She
She
| 25 December 1985 (USA)
She Trailers

In a backward post-apocalyptic world, She aids two brothers' quest to rescue their kidnapped sister. Along the way, they battle orgiastic werewolves, a psychic communist, a tutu-wearing giant, a mad scientist, and gladiators before standing against the odds to defeat the evil Norks.

Reviews
zetes

Supposedly based on the same popular sci-fi novel by H. Rider Haggard which was made into a film in 1935 and 1965 (the latter starring Ursula Andress), but, according to those in the know, it has nothing to do with it (despite claiming otherwise). This is a batcrap crazy post-apocalyptic sci-fi starring Sandahl Bergman (Conan the Barbarian, Red Sonja, Hell Comes to Frogtown). I frequently joked during the movie that there was absolutely no plan as to where this movie was going. They were just making it up as they were going on. The actors would raid the costume and props departments and just come back with whatever weird stuff they could find. There's no other way to explain a giant, bearded man wearing a tutu and a gas mask. The (rather confusing) plot begins with two men (David Goss and Harrison Muller, Jr.) losing their sister to a group of crazy-looking men.

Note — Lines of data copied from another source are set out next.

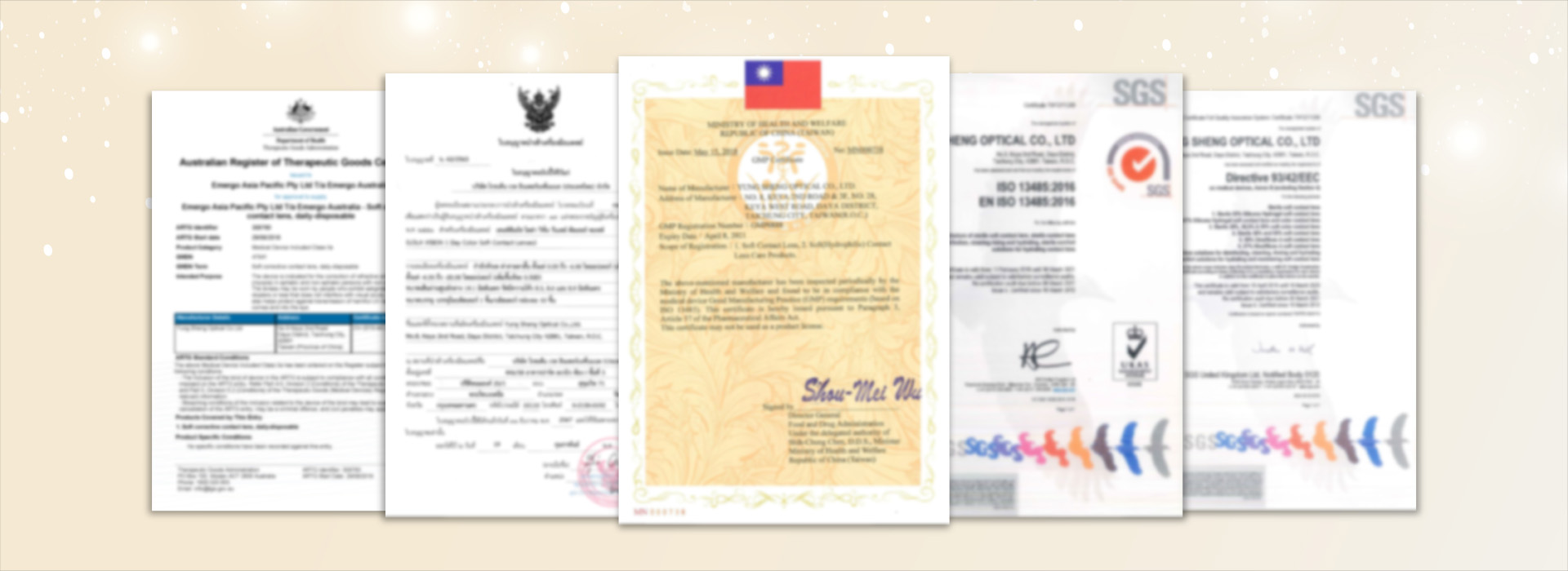 Major business is manufacturing and selling of soft contact lens and lens care products. With its innovative R&D team, advanced manufacturing facilities and professional marketing and sales group, Yung Sheng has successfully certificated by ISO 9001, ISO 13485, Japan FMA (Foreign Manufacturer Accreditation), European CE mark, Taiwan GMP (Good Manufacturing Practice), Korea GMP and Malaysia GMP, etc. to expand its global market.
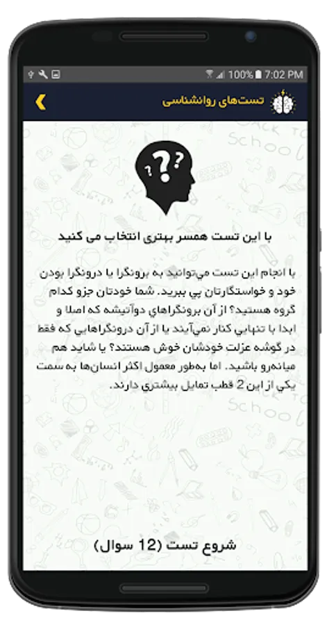 Psychological tests include more than 50 psychological tests from the world's top psychologists. By downloading this banner, you will receive a complete collection of the most authoritative and top-notch tests of personality and psychology. Maybe you're wondering, but this app is completely free!
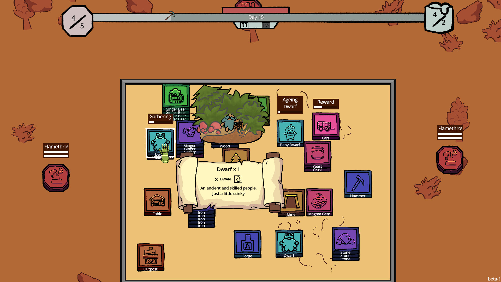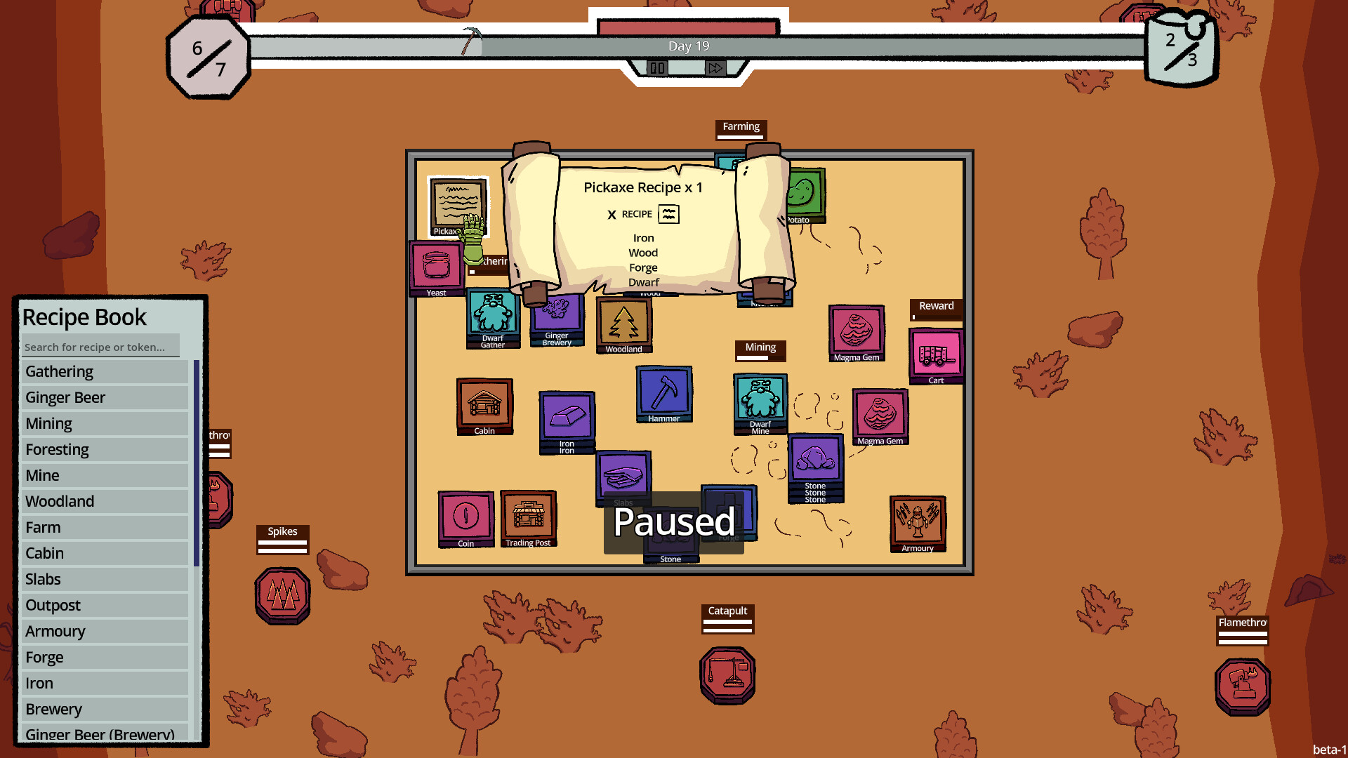 You can stack tokens to gather resources, create tools and build towers. You need to keep your dwarves fed with ginger beer, discover new crafting recipes, and fend off the animals attacking at night!
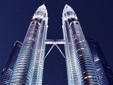 Night scene of the Twin Tower in Kuala Lumpur, Malaysia
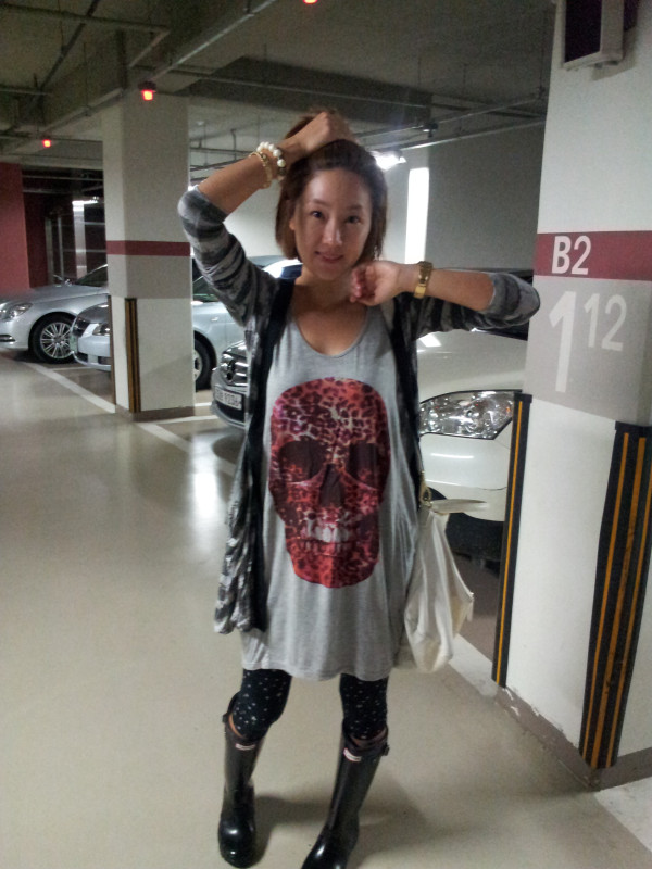 사진 속 김지혜는 해골이 그려진 티셔츠를 입고 레인부츠를 신고 포즈를 취하고 있다.

They hear that the local goddess She (Bergman) knows where they're taking her, so they considerately kidnap her and make her lead them to their sister. Apparently each small settlement has their own god or goddess, a few of which we'll meet along the way. Accompanied by one of She's chief warriors (Quin Kessler), they make their way across the post-apocalyptic landscape and run into all sorts of zany tribes. One has a god named Godan who has telekinetic powers. The most memorable sequence in the film has an annoying Robin Williams impersonator named Xenon (David Traylor, who is a stand-up comedian who goes by the stage name David Zed) who, when you cut him into pieces, starfish-like, regenerates into multiple Xenons. Don't get me wrong, this movie is pretty terrible. But it plays out like a drug trip, and you'll definitely remember it. I'm really surprised I hadn't heard of it beforehand.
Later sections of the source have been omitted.